Mannici, who migrated to Australia from Italy in 1951 at age 20, hired 59-year-old Raymond Pasco to clear the worksite in 2020, paying him an initial deposit of $15,000 with $12,500 still owing.
The invoice stated there would be extra fees if any contaminated soil was found at the site, so when the victim found burnt tyres buried in the soil, he told Mannici he would stop work unless he paid more.
Mannici refused, telling the Mr Pasco he was broke and could not afford it.
Over the following months, the contractor hired debt collectors and dumped rubbish at the site.
On December 9, Mannici was at his Ravenhall lot when Mr Pasco arrived and began dumping another truck load of rubbish.
The pair got involved in a struggle and two gun shots went off, one striking the victim in his right forearm.
He required surgery and still suffers nerve pain and post-traumatic stress disorder, according to his victim impact statement.
The former bus driver told police he didn’t mean to shoot the victim and he only had the gun to protect himself.

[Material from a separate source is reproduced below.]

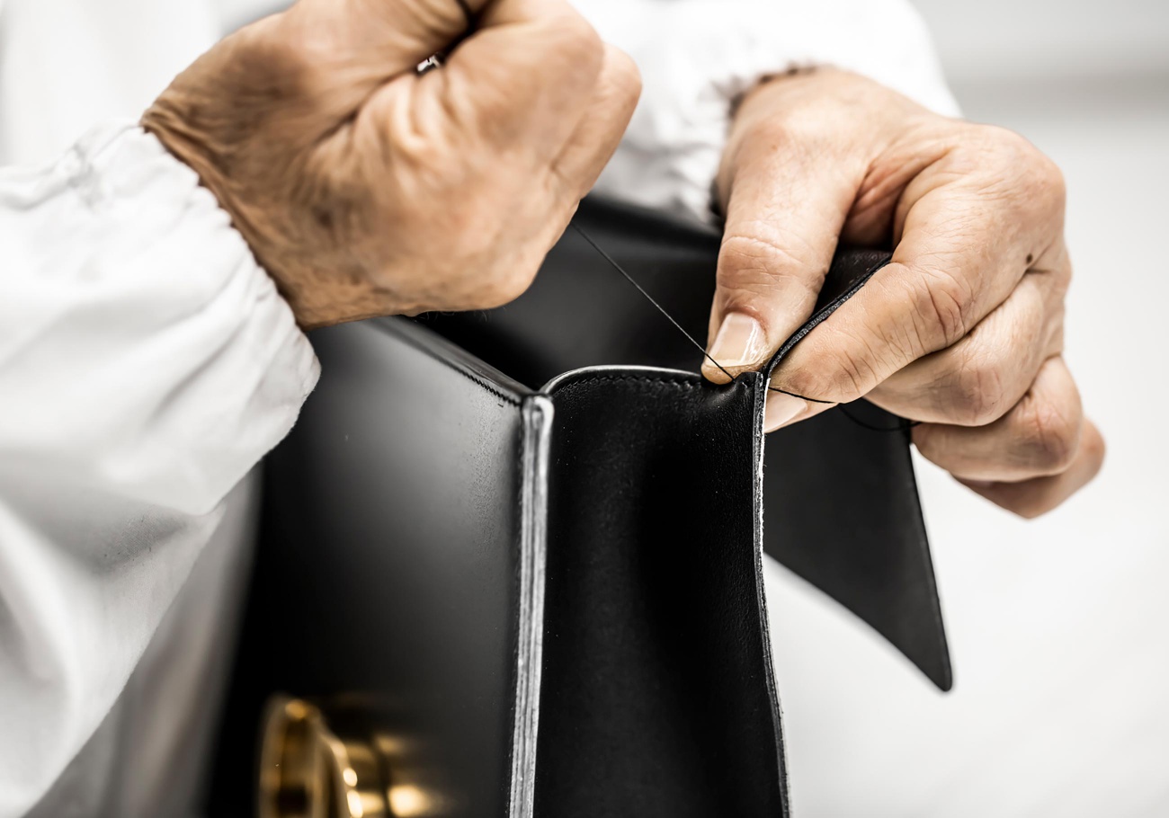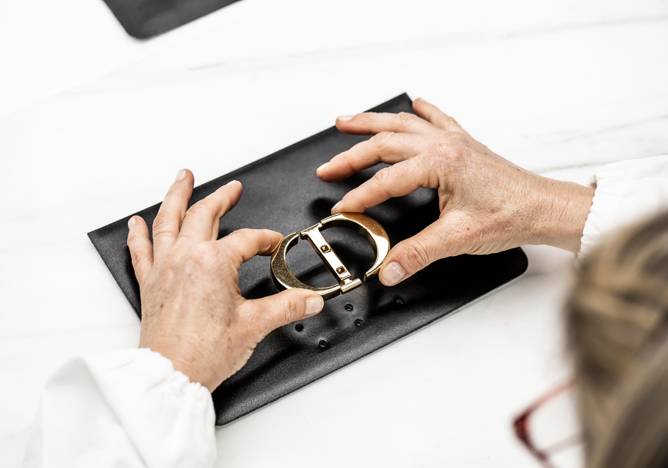我们必须前往位于意大利佛罗伦萨的Dior迪奥皮具工坊,方能对这款黑色皮革手提包的严苛制作流程一探究竟。铬鞣小牛皮质感真实自然,独一无二,突显贵气。它纹理有致,与作为衬里使用的柔软小羊皮相得益彰。这些精美皮革,依照模板剪裁后,再逐片缝合。从包体缝合到热印“Christian Dior”标签,手工艺工匠们认真而仔细地完成工序的每个步骤。

Judge Murphy said Mannici bore “significant blame” for the contractual dispute, but acknowledged the victim’s coercive threats explained his out-of-character behaviour.
“Given your age, frailty, use of a walking stick and the provocative conduct by Mr Pascoe you were substantially provoked by his conduct,” he said.
“In a civilised society, however, people must use the courts to resolve commercial disputes otherwise we will have the law of the jungle.
“The building and the development industry is well known for ruthless behaviour. The conduct of Mr Pascoe went well over the line. Your conduct reached into the criminal law.”
If not for his early guilty plea, the judge said he would have sentenced Mannici – who has three adult children as well as grandchildren and great grandchildren – to a nine-month jail term.